Proteins in a cell do not work in isolation of one another. Thus to understand the function of multi-protein complexes, or whole proteomes, from a structural viewpoint, it is necessary to have a model for many proteins encoded by the genome of an organism. The CASP results indicate that structure prediction methods have matured to a point where they can be applied on a genome-wide scale, and that these structures can be used with novel but straight-forward approaches to annotate and understand function [54,55,60,61]. The resulting models and annotations, when combined with other genomic/proteomic data, including that from gene expression arrays [62], genome-wide two-hybrid experiments [63], and other proteomics studies [64], will provide us with a dynamic picture of organismal structure, function, and evolution [65].

Methods

In this section, we describe the procedures we used for making predictions at CASP4. The techniques described are divided based on the major structure prediction categories, but methods developed for application in one category are useful in the other.

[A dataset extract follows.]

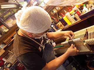 金属パーツは磨いたあと塗装が施されます
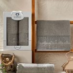 11818 Серый MARI махра (50х90+70х140 ) Набор полотенец в коробке TWO DOLPHINS

Comparative modelling and fold recognition

The same procedure was used for comparative modelling and fold recognition targets. Protein sequences determined to be evolutionarily related to sequences with known structure were modelled using comparative modelling techniques developed by us. We used a combination of methodologies grouped together as shown in Figure 5. Our primary focus was on improving alignment and template selection techniques, and developing methods for moving an approximate conformation closer to the native structure. Additionally, the lessons we learnt from application of our ab initio methodologies were incorporated to better construct non-conserved side chains and main chains.

Figure 5.

Figure 5

Methodology for comparative modelling. Target sequences related to the sequences with conformations determined by experiment were candidates for comparative modelling. Generally alignments were obtained from the various servers available as part of the CAFASP meta-server [29]. Initial models were then be constructed and structure-based alignments were used in an iterative manner to refine alignments manually. Non-conserved side chains and main chains were constructed using a graph-theoretic approach with sampling provided by exhaustive and database searches. The final conformations were minimised by ENCAD [36].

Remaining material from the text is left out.